REQUIRED WORK — Exactly the lines from the line containing "下面的蓝绿色框表示词嵌入,使用 GloVe 进行了初始化。在整个词嵌入中没有跟踪梯度。我们使用了一个带有" through the final line of the entries below must be returned, and only those, without pictures.
★ ★ ★
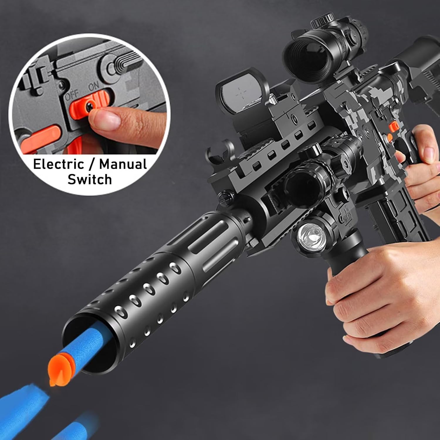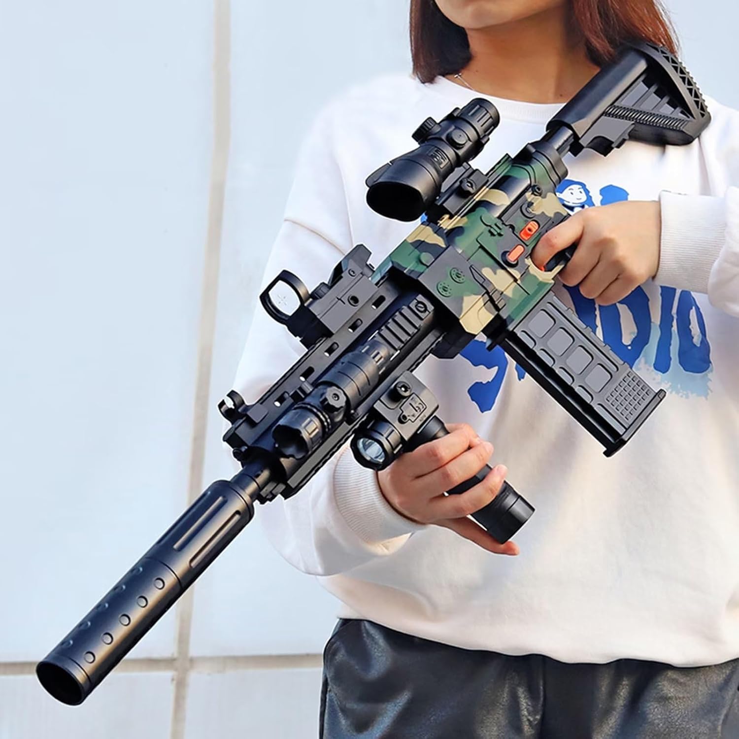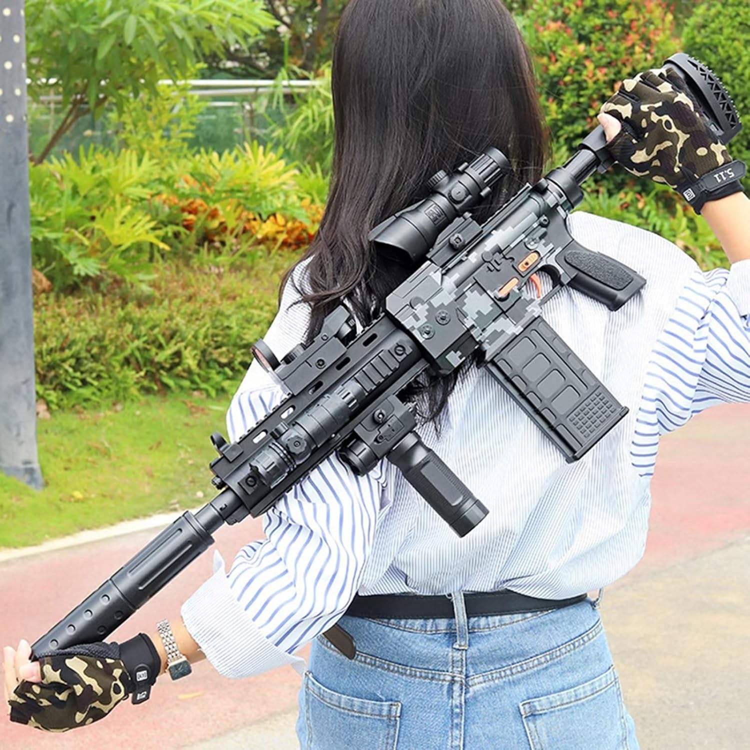 Sicuro e semplice: la pistola giocattolo è realizzata in plastica ABS ecologica. La pistola giocattolo EVA Soft Bullet è un robusto giocattolo in materiale. Non danneggerà il bambino. Una morbida bomba dardo fatta di morbida schiuma. La palla di schiuma leggera non danneggia il corpo umano, basta mettere la palla nella pistola giocattolo per iniziare il gioco. Tiro preciso: la pistola giocattolo M416 con cannocchiale e 10 proiettili. Proiettili in schiuma morbida EVA per sparare proiettili.Giocattolo di allenamento ideale per i giochi di tiro. È un'ottima forma di intrattenimento, perfetta per compleanni, vacanze, battaglie all'aperto, CS sul campo, giochi di squadra e altro ancora.Dai ai bambini una sensazione realistica di CS Game. Struttura della batteria aggiornata: abbiamo aggiornato la struttura del blaster elettrico a proiettili morbidi e l'impugnatura della batteria è installata sul retro del blaster in schiuma giocattolo. Più sicuro e più sicuro per i tuoi ragazzi e ragazze. La batteria è ricaricabile tramite USB (5V/1A). Ultra Long Range: il soft bullet blaster M416 ha una portata dritta di circa 40-50 piedi (10-15 M). Con l'aiuto del mirino, puoi usare il tiro preciso e il caricamento manuale per colpire il centro del bersaglio. Stile di caricamento classico, spara come un vero cecchino e giochi.Divertiti a sparare a lunga distanza.Puoi anche fai da te i binari tattici blaster staccabili. Idea regalo: Soft Bullet Gun è il miglior compleanno, spiaggia estiva, giardino, festa, regalo di Natale o battaglia di squadra CS, attività indoor / outdoor Ideali e per i bambini, stimolando i bambini a esplorare la gioia del tiro e allenare le capacità motorie!
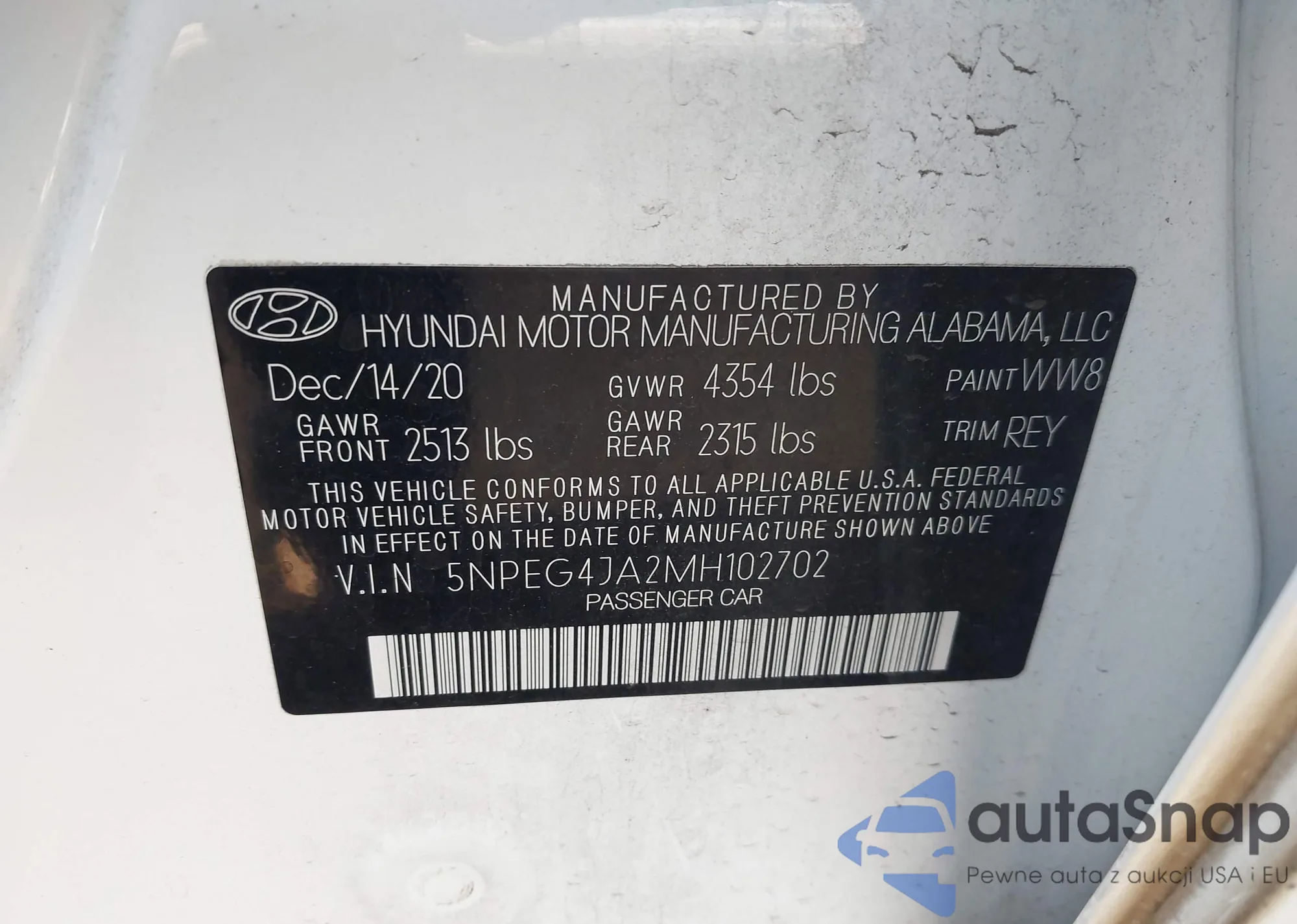 LOT: 43315448 VIN: 5NPEG4JA2MH102702
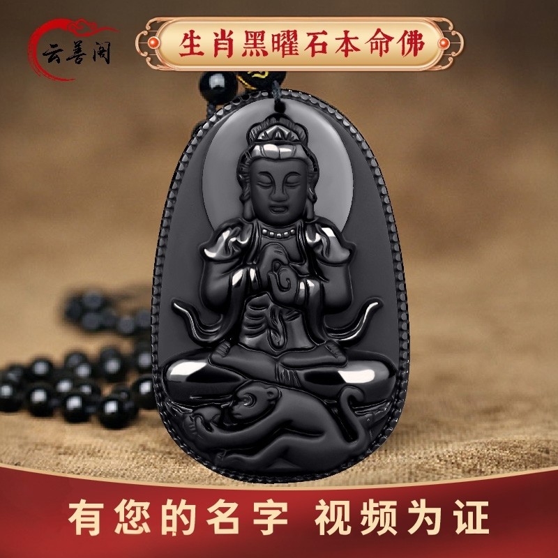 天然黑曜石本命佛吊坠生肖兔牛虚空藏大势至文殊马本命年礼物男女
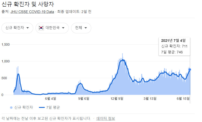 국내 코로나 신규 확진자 역시 일주일 연속 700명 이상을 기록하고 있습니다. 신규확진자가 일주일 연속 700명 이상을 넘었던 것은 12월 중하순 3차 유행 이후 처음입니다. 작년 12월에는 12일 950명이 보고된 뒤 다음달 2일까지 700~1200명대 확진자가 발생하는 등 대유행이 발생했었습니다.
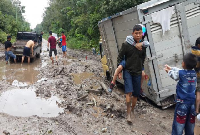 Akhirnya, warga bergotong royong mendorong mobil agar bisa lepas dari jebakan jalan berlumpur tersebut. Penumpukan lalu lintas pun tak terhindarkan, akibat adanya mobil yang terjebak jalan."Kondisi seperti ini jelas mempersulit sopir. Apalagi tidak berhati-hati, mobil bermuatan bisa terguling,"ujar Fredi(50) sopir mobil Colt Diesell yang mengangkut peralatan rumah tangga.
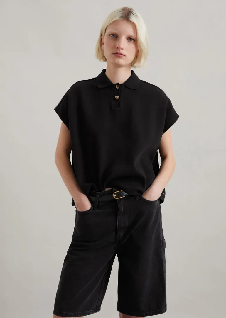 Ärmelloses Poloshirt wide aus Organic Cotton in schwarz
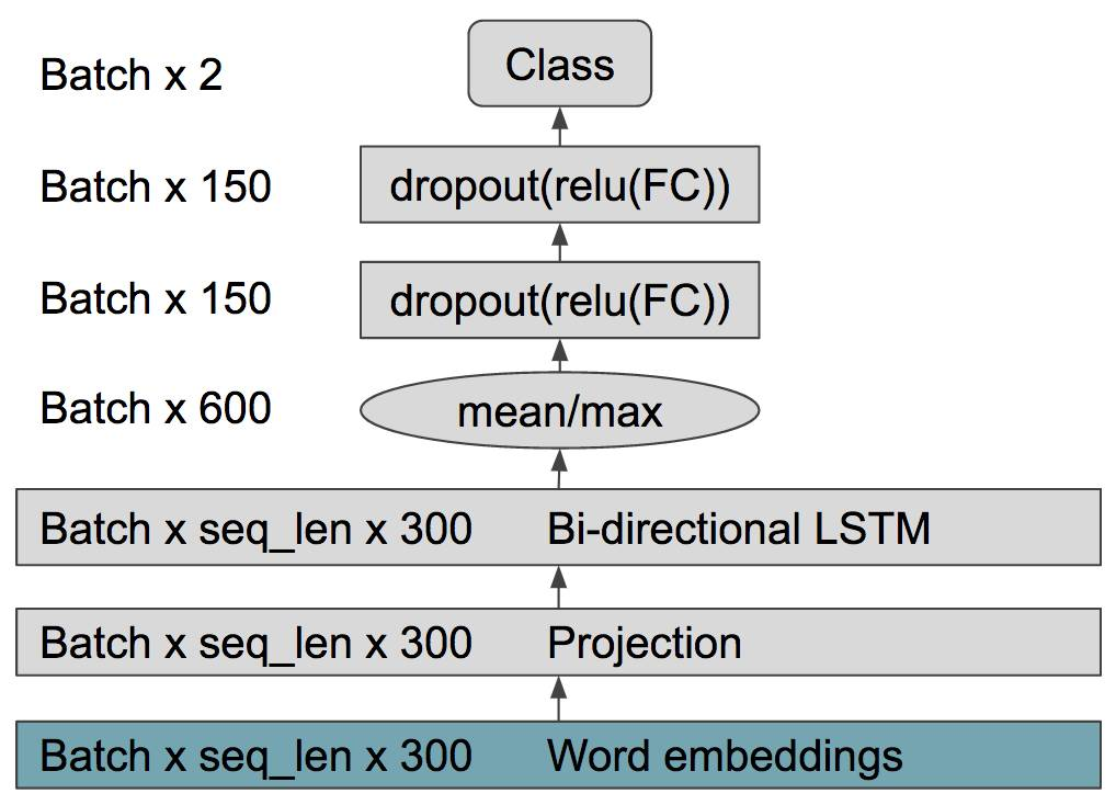 下面的蓝绿色框表示词嵌入,使用 GloVe 进行了初始化。在整个词嵌入中没有跟踪梯度。我们使用了一个带有 LSTM 单元的双向 RNN,使用的方式类似于词袋,我们使用了该 RNN 隐藏状态来提取均值和最大值,之后是一个带 dropout 的 2 层 MLP。
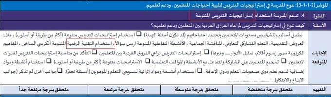 أثناء زيارة فريق #التقويم_الذاتي (الخارجي) للمعلم في الصف يتم قياس عدد من المؤشرات ومنها
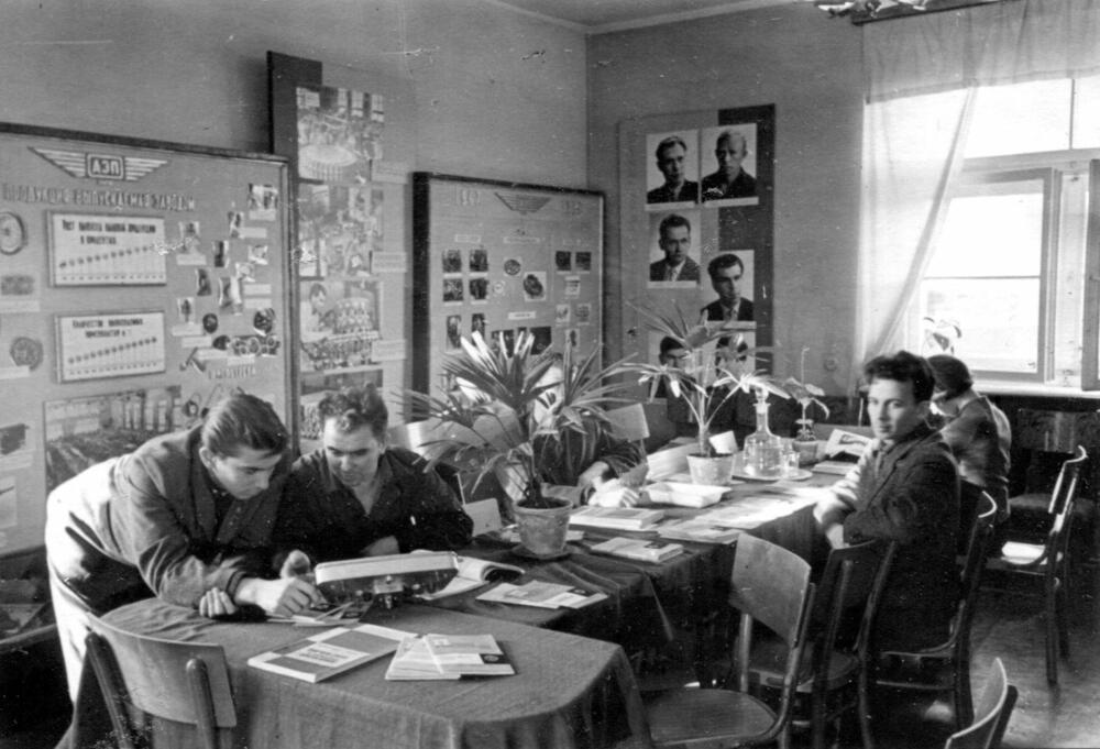 Rīgas autoelektroaparātu rūpnīca. Tehniskās informācijas biroja tehniķis Valērijs Rudņevs (no kreisās) ar kolēģiem darba kabinetā.
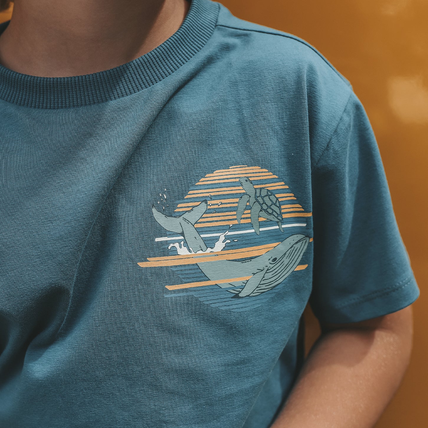 Op de borst bevindt zich een subtiele zomerse walvis print. De print in zachte, warme tinten zorgt voor een speels maar stijlvol contrast met de basis kleur. Dit jongens T-shirt is uitgevoerd in een zachte katoenkwaliteit die prettig aanvoelt op de huid en ideaal is voor warme lente- en zomerdagen. De relaxed fit biedt extra bewegingsvrijheid en geeft het shirt een nonchalante, moderne look.
★ ★ ★
TASK RESPONSE —
 下面的蓝绿色框表示词嵌入,使用 GloVe 进行了初始化。在整个词嵌入中没有跟踪梯度。我们使用了一个带有 LSTM 单元的双向 RNN,使用的方式类似于词袋,我们使用了该 RNN 隐藏状态来提取均值和最大值,之后是一个带 dropout 的 2 层 MLP。
 أثناء زيارة فريق #التقويم_الذاتي (الخارجي) للمعلم في الصف يتم قياس عدد من المؤشرات ومنها
 Rīgas autoelektroaparātu rūpnīca. Tehniskās informācijas biroja tehniķis Valērijs Rudņevs (no kreisās) ar kolēģiem darba kabinetā.
 Op de borst bevindt zich een subtiele zomerse walvis print. De print in zachte, warme tinten zorgt voor een speels maar stijlvol contrast met de basis kleur. Dit jongens T-shirt is uitgevoerd in een zachte katoenkwaliteit die prettig aanvoelt op de huid en ideaal is voor warme lente- en zomerdagen. De relaxed fit biedt extra bewegingsvrijheid en geeft het shirt een nonchalante, moderne look.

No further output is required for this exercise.